Comet ATLAS, also known as C/2019 Y4 but nicknamed ATLAS as it was discovered by the telescope array system of the same name, will become increasingly bright as it heads towards the Sun. No one knows how big the core of the comet is, but latest observations have shown that is it heads towards the centre of the solar system, it’s atmosphere has become increasingly massive.
The comet itself is likely only a few kilometres wide, but its atmosphere has ballooned to a staggering 720,000 kilometres (447,387 miles) wide – about half as wide as the Sun.
This is because it is leaving a trail of gas and debris in its wake as it makes its way from the orbit of Mars, which it is near at the moment, past Earth and to Venus.
Website Space Weather said: “On the scale of big things in the solar system, Comet ATLAS falls somewhere between the sun (1,392,000 km diameter) and Jupiter (139,820 km).
“It’s not unusual for comets to grow so large. While their icy solid cores are typically mere kilometers in diameter, they can spew prodigious amounts of gas and dust into space, filling enormous volumes.”
By late May, it will only be 0.25 AU away from the Sun – one AU (astronomical unit) is equivalent to the distance between the Earth and the Sun – and getting closer.
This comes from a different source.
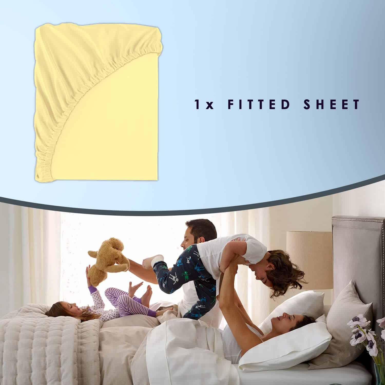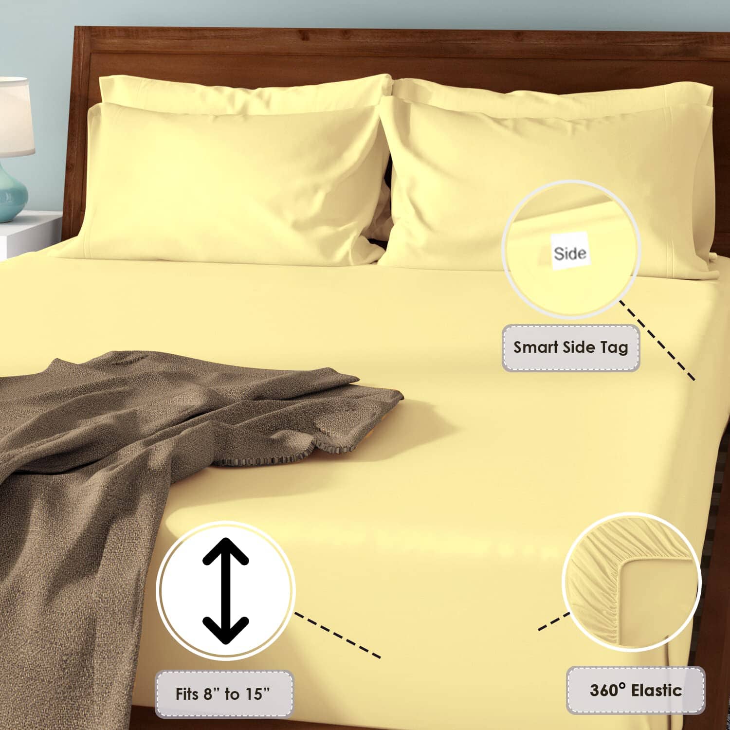 Sábana Ajustable de Lujo Pizuna 100% Algodón -Amarillo Suave
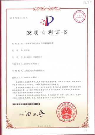 橡胶同步带发明专利证书 |

When it approaches the Sun, it could become as bright as a waxing crescent Moon – the curved lunar phenomenon which is visible at the beginning and end of the Moon’s monthly cycle.
Space Weather has said: “The comet is about as bright as an 8th or 9th magnitude star.
“That’s too dim to see with the naked eye but consider this: The comet is hundreds of times brighter than astronomers predicted when it was discovered 4 months ago by the Asteroid Terrestrial-impact Last Alert System (ATLAS). And it’s still beyond the orbit of Mars.
“Estimates range from magnitude +1 to -10; in other words, somewhere between a 1st magnitude star and the waxing crescent Moon.”
However, the fate of the comet is still unclear.
Experts are unsure whether it will burn to dust or whether it will produce a spectacular display of explosions as it approaches the Sun.
Karl Battams of the Naval Research Lab in Washington DC said: “ATLAS is a bit of a wildcard, and there’s a spectrum of possibilities as it nears the sun.
“At one extreme, it could simply crumble away in the coming weeks, and at the other extreme it could brighten up tremendously.
“It has an unusually small perihelion distance inside of Mercury’s orbit, which bodes well for getting those frozen gases fizzing furiously.”